Exercise goal — Could you write out, exactly as they stand, only the lines in the listing below from the line with "Chư vị Đại Hiệp có" to the line with "This page presents", both ends included, without the pictures?

Data for this exercise —

###

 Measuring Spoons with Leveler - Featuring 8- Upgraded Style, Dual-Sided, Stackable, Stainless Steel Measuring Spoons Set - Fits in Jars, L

###

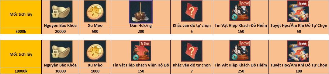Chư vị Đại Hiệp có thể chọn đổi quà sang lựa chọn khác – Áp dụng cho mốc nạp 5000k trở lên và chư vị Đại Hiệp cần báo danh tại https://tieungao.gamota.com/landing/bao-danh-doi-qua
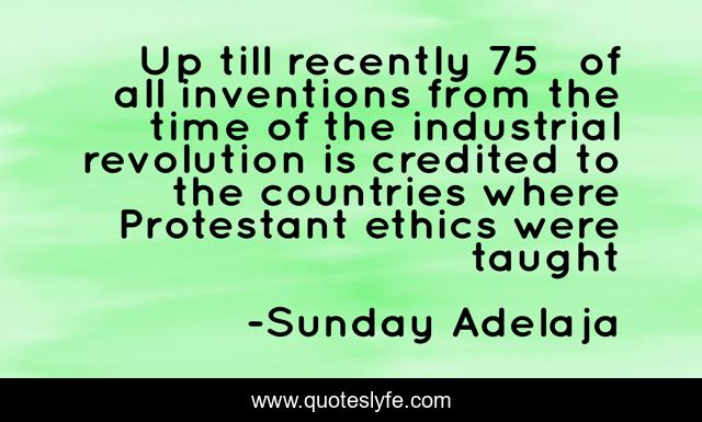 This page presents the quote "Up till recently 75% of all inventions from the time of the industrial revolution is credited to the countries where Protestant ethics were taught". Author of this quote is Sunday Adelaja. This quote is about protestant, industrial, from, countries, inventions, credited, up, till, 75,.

###

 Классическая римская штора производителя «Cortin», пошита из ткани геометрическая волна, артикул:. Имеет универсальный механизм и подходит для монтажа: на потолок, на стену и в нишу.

###

Exercise response —
Chư vị Đại Hiệp có thể chọn đổi quà sang lựa chọn khác – Áp dụng cho mốc nạp 5000k trở lên và chư vị Đại Hiệp cần báo danh tại https://tieungao.gamota.com/landing/bao-danh-doi-qua
 This page presents the quote "Up till recently 75% of all inventions from the time of the industrial revolution is credited to the countries where Protestant ethics were taught". Author of this quote is Sunday Adelaja. This quote is about protestant, industrial, from, countries, inventions, credited, up, till, 75,.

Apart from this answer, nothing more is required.